*** Begin section ***
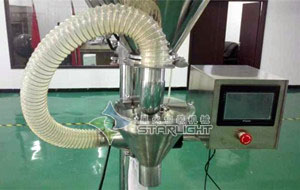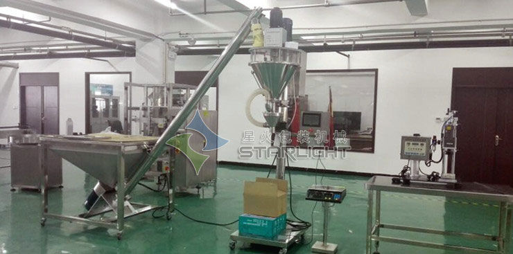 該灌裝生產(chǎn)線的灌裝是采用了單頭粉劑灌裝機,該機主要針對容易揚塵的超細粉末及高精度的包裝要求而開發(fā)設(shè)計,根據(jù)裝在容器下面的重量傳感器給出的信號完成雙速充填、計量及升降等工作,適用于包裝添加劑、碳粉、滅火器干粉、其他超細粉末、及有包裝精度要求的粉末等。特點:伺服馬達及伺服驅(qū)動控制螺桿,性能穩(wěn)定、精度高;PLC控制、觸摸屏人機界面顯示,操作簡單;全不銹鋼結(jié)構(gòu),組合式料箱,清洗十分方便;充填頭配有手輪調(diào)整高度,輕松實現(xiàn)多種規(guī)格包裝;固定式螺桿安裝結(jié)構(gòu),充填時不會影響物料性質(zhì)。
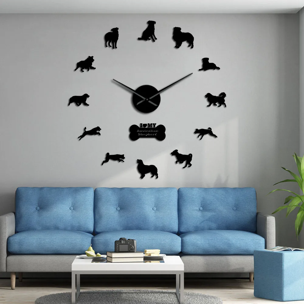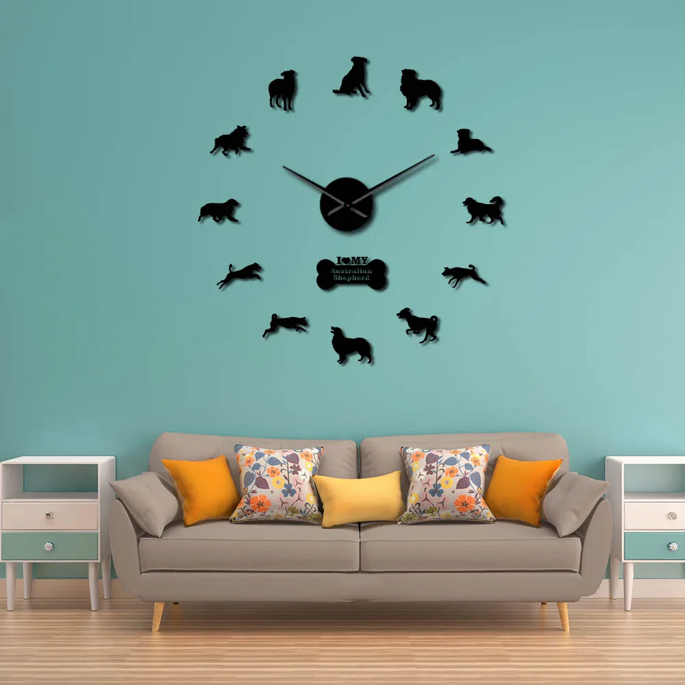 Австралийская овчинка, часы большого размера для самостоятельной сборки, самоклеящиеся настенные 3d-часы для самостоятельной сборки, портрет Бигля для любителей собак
*** End section ***
*** Begin section ***
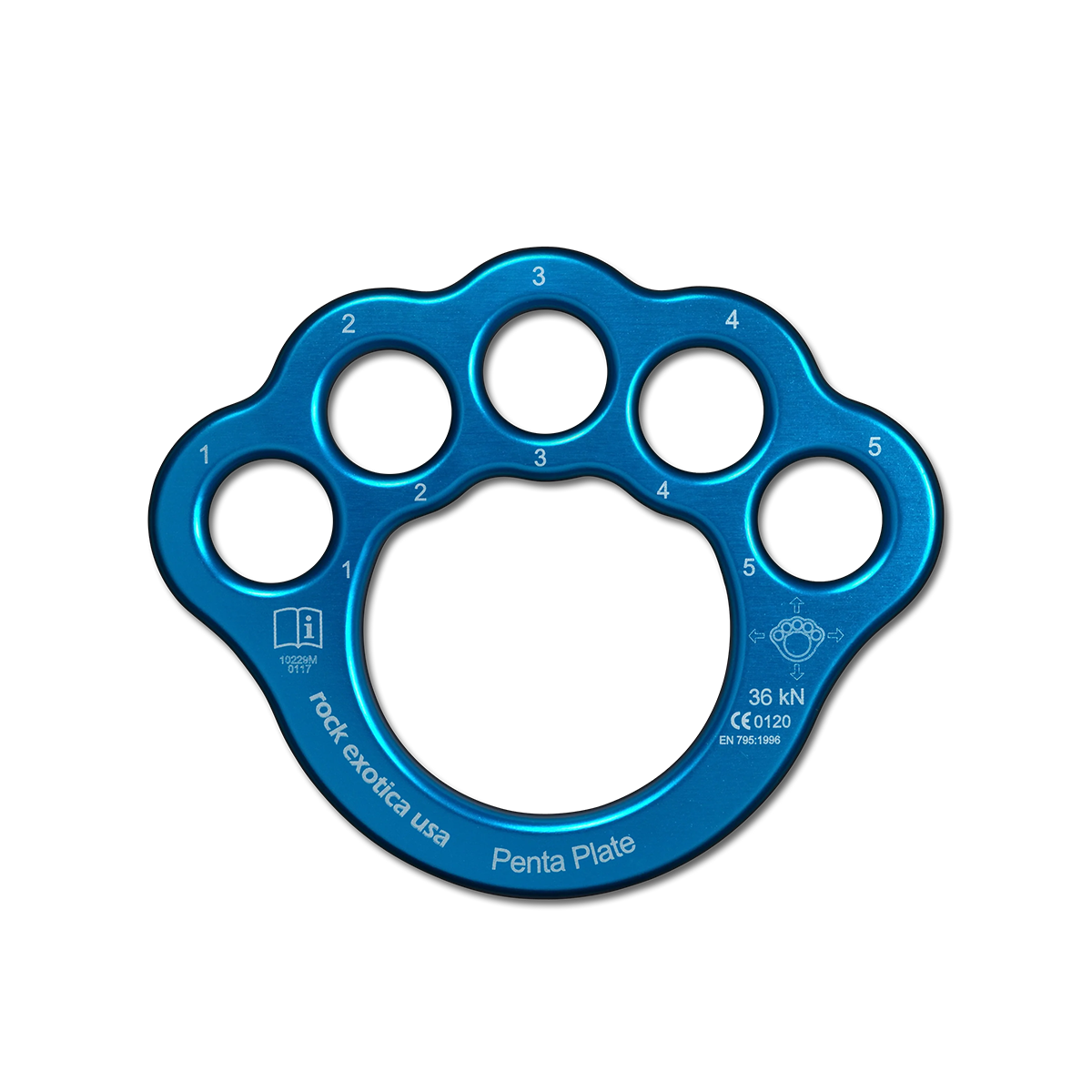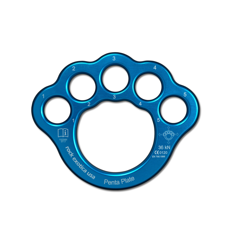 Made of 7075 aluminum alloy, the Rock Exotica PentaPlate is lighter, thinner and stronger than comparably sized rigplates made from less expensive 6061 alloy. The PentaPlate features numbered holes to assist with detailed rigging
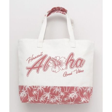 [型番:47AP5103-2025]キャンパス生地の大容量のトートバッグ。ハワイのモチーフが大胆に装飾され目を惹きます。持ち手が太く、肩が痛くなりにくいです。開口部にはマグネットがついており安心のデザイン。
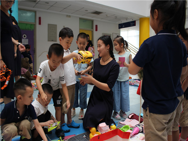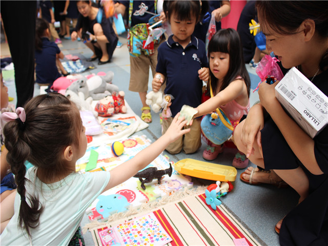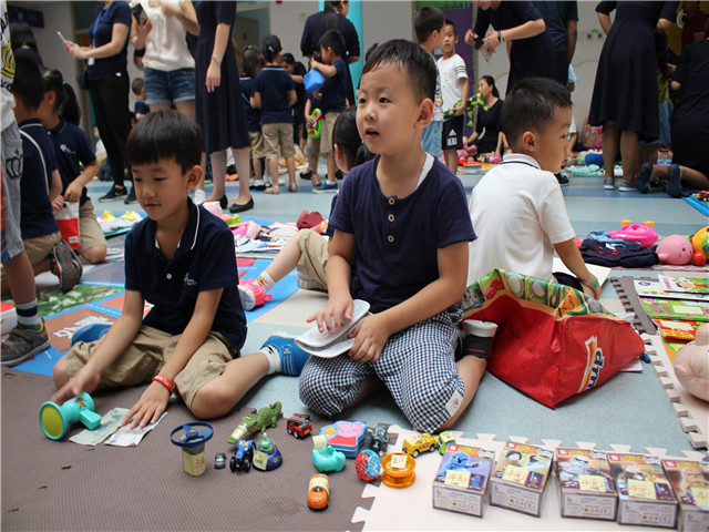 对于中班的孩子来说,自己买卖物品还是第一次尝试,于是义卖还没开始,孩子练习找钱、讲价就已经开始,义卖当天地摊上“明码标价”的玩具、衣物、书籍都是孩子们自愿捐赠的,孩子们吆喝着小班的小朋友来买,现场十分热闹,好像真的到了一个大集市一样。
*** End section ***
▸ What you are asked to do
Copy needed, without pictures: the lines of the listing above from the line containing "[型番:47AP5103-2" up to and including the line containing "对于中班的孩子来说,自己买卖", set down exactly.

▸ Your response
 [型番:47AP5103-2025]キャンパス生地の大容量のトートバッグ。ハワイのモチーフが大胆に装飾され目を惹きます。持ち手が太く、肩が痛くなりにくいです。開口部にはマグネットがついており安心のデザイン。
 对于中班的孩子来说,自己买卖物品还是第一次尝试,于是义卖还没开始,孩子练习找钱、讲价就已经开始,义卖当天地摊上“明码标价”的玩具、衣物、书籍都是孩子们自愿捐赠的,孩子们吆喝着小班的小朋友来买,现场十分热闹,好像真的到了一个大集市一样。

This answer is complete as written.